3. How much time a day do you spend playing fetch/spending quality time with your dog?
4. If you are on a walk and your dog wants to run do you let it or do you try to maintain a walk the entire time?
5. How many times a week do you socialize at public places (petsmart/ home depot/ tractor supply/ park/ etc.)


Thanks!


----------



## CPH (Sep 8, 2010)

Every dog is different and you will need to take some time figuring out how much exercise your particular dog needs. As far as playing fetch/spending quality time you should aim for as much as possible. The more quality time/learning opportunities you spend with you dog the better the bond and respect your dog will have for you. Try to make everything you do, even routine daily tasks into training opportunities. 
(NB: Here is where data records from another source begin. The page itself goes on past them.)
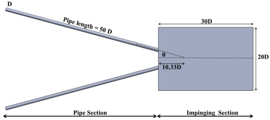 The planes where data were captured for the comparison are shown in Figure 6. The naming convention used by Landers [8] was followed in the current study. In the horizontal plane, the jet impingement occurs at angle 2θ to one another. The impingement point lies on the intersection of horizontal and vertical plane, at a distance of 10.33 D from the pipe exit. The line formed at the intersection of horizontal and vertical plane is termed as the center line.
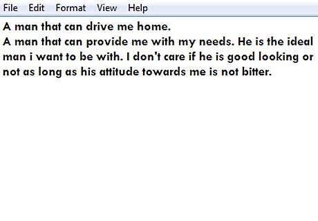 Show that you're smart enough to use the Queen's English properly. Intelligence is very attractive. An error-ridden profile is a real turn-off to smart men and women. If you don't know how to write, get some help from someone who knows the rules of grammar. This is a major point!
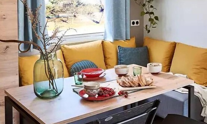 Details: Wi-Fi access : Various packages for sale at reception - See rates on site Playground for children : 2 playgrounds Family animations : one musical evening per week in season Pets allowed : 5€/night /dog. 1st and 2nd category dogs are prohibited Barbecue : gas/coal/wood – above ground (not electrical) Deposit (in supplement) : 200 Baby chair : 3€ / night Lake / river distance : 20 m Final cleaning fee : optional: 85€ / 105€ for XL accommodation and/or with 2 bathrooms - on-site payment Baby Kit : 3€ / day baby chair + 3€ / day baby bed Laundromat : washing machine (5 €) and dryer (4 €) Bedding : double or single sheets : 15€ Towels : 8€/kit (1 large + 1 small) to be set on site Crib : 3€ / night Number of stars : 3 Water park : 200m2 heated with bubble bath, paddling pool and water for children Sin : yes bowling Ping Pong : yes Swimming pool : outdoor heated - partly covered from the opening of the campsite Near airport : Lyon Saint-Exupéry Airport #LYS (117.3 km), Geneva Cointrin International Airport #GVA (60.0 km) Fitness room : outdoors Breakfast service : Bread deposit every morning (on reservation) - July/August only Tourist tax (surcharge) : 0.65€ / night / person (free for 18 years) Multisports ground : yes Tennis Sports animations Air conditioner Number of bedrooms : 3 Surface (m²) : 31 Television Pets Allowed : With supplement - Tenus on leash Cooked Microwave oven Number of bathroom : 1 Number of toilets : 1 Terrace Barbecue

My best suggestion for you as far as socializing your pup is to put him in daycare even once a week. Worked absolute wonders for us!

Good luck!


----------



## SouthernNdN (Nov 17, 2010)

I agree with CPH. However for socializing, I would do it as much as possible with everything and everyone so long as its a contollable setting.

I have no women in the house, and therefore my girl has an issue with women. She's not defensive, she just doesn't trust them like she does men. She'll do a lick to the hand but thats about it until an hour or so goes by and then she's ok.

As for running while walking. I'm fairly militarized in my walks. She's on my left side at all times, I don't allow her to pass in front of me at all, nor sniff the ground unless I let it be. You want your pup to understand that they need to pay attention to your every move, that way if a situation arises you can control it without any issues or repercussions. 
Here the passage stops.